The “maximum number of linearly dependent rows” doesn't really make sense. Consider the matrix $$ \begin{bmatrix} 1 & 0 & 0 \\ 0 & 1 & 0 \\ 1 & 1 & 0 \end{bmatrix} $$ The three rows form a linearly dependent set, but no subset of rows is linearly dependent.

What you can define is the maximum number of linearly independent rows, which in the above case is $2$. Such number is the rank of the matrix.

By the rank-nullity theorem, if $k$ is the rank, $n-k$ is the dimension of the null space of the matrix, which is the geometric multiplicity of the eigenvalue $0$ (provided $0$ is an eigenvalue to begin with, that is, $k<n$).

The algebraic multiplicity of the zero eigenvalue is at least $n-k$. It can be bigger: consider $$ \begin{bmatrix} 0 & 1 \\ 0 & 0 \end{bmatrix} $$ For this matrix, the algebraic multiplicity of the zero eigenvalue is $2$, but the geometric multiplicity is $1$.
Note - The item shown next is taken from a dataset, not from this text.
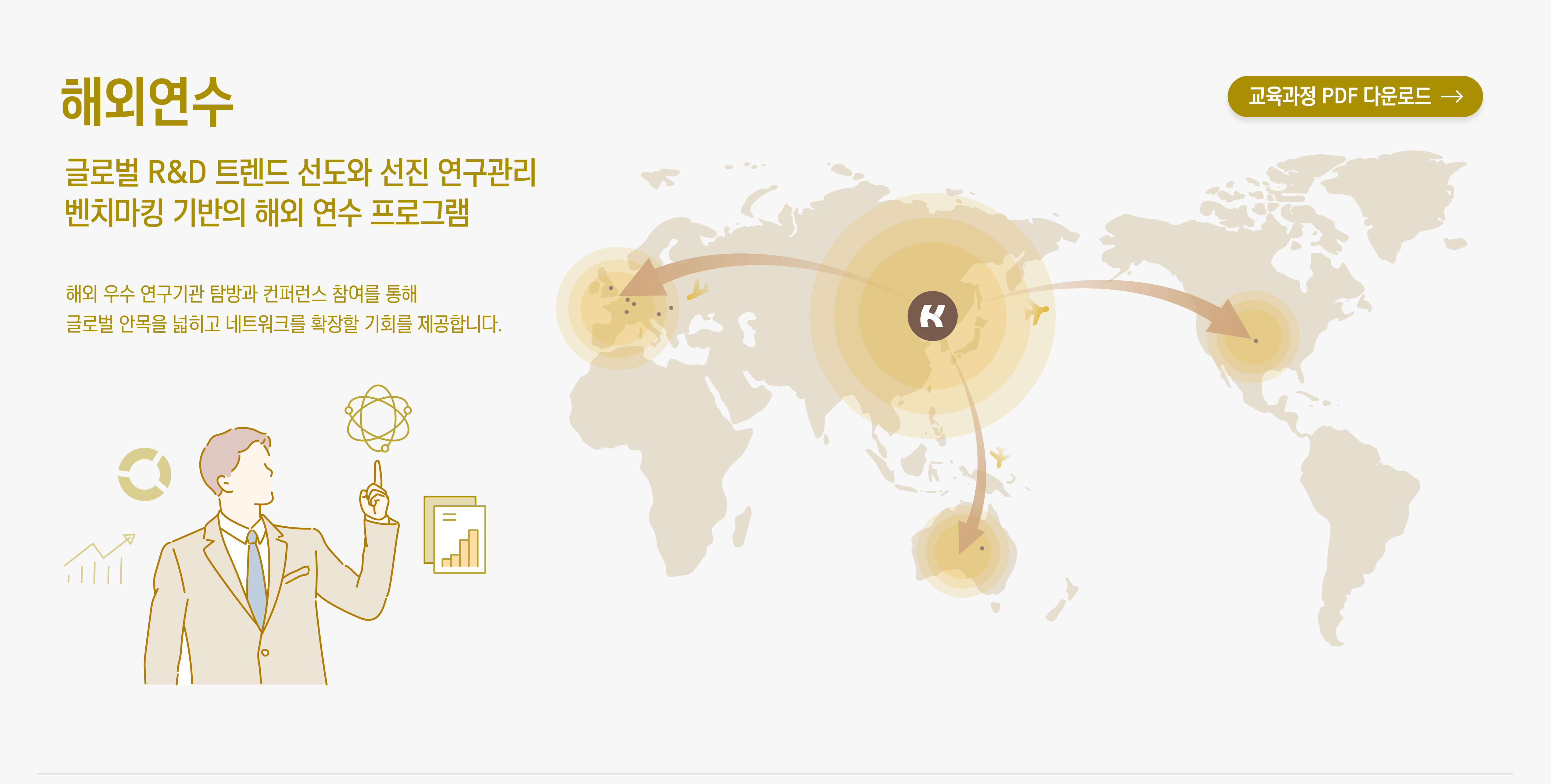 해외연수 안내 - 글로벌 R&D 트렌드 선도와 선진 연구관리 벤치마킹 기반의 해외 연수 프로그램 / 해외 우수 연구기관 탐방과 컨퍼런스 참여을 통해 글로벌 안목을 넓히고 네트워크를 확장할 기회를 제공합니다.※ 이미지를 클릭하시면 크게 보실 수 있습니다.
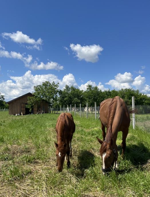 Prodajem kobilu sa ždrijebetom zbog manjka prostora. Kobila ima 9 godina, a ždrijebe 5 mjeseci i uskoro spremno za odvajanje. Kobila je ujahana, radi se s njom, diže sve četiri noge, mirna i pouzdana. Imaju crvenu knjigu.

A matrix is non-singular if and only if $0$ is not an eigenvalue, essentially by definition of eigenvalue (together with the rank-nullity theorem): $\lambda$ is an eigenvalue of the matrix $A$ if and only if $A-\lambda I$ is singular.

Answer 2

$\DeclareMathOperator{\rank}{rank}$If I understand, you're asking:

Let $A$ be an $n \times n$ (real/complex) matrix with $k < n$ non-zero eigenvalues (counting multiplicity) and $m \geq 1$ the multiplicity of $0$ as an eigenvalue.

• Is $\det A = 0$?
• Is $\rank A = n - m = k$, the number of non-zero eigenvalues counted with multiplicity, or only $\rank A \geq n - m$?

To the first, Yes: $0$ is an eigenvalue.

For the second: If $A$ has $k$ non-zero eigenvalues, then the column space of $A$ clearly has dimension at least $k$, so $\rank A \geq n - m$. Equality, however, fails to hold in the "worst possible sense": An $n \times n$ matrix of rank $(n - 1)$ can have every eigenvalue equal to $0$; a Jordan block with $\lambda = 0$ has this property.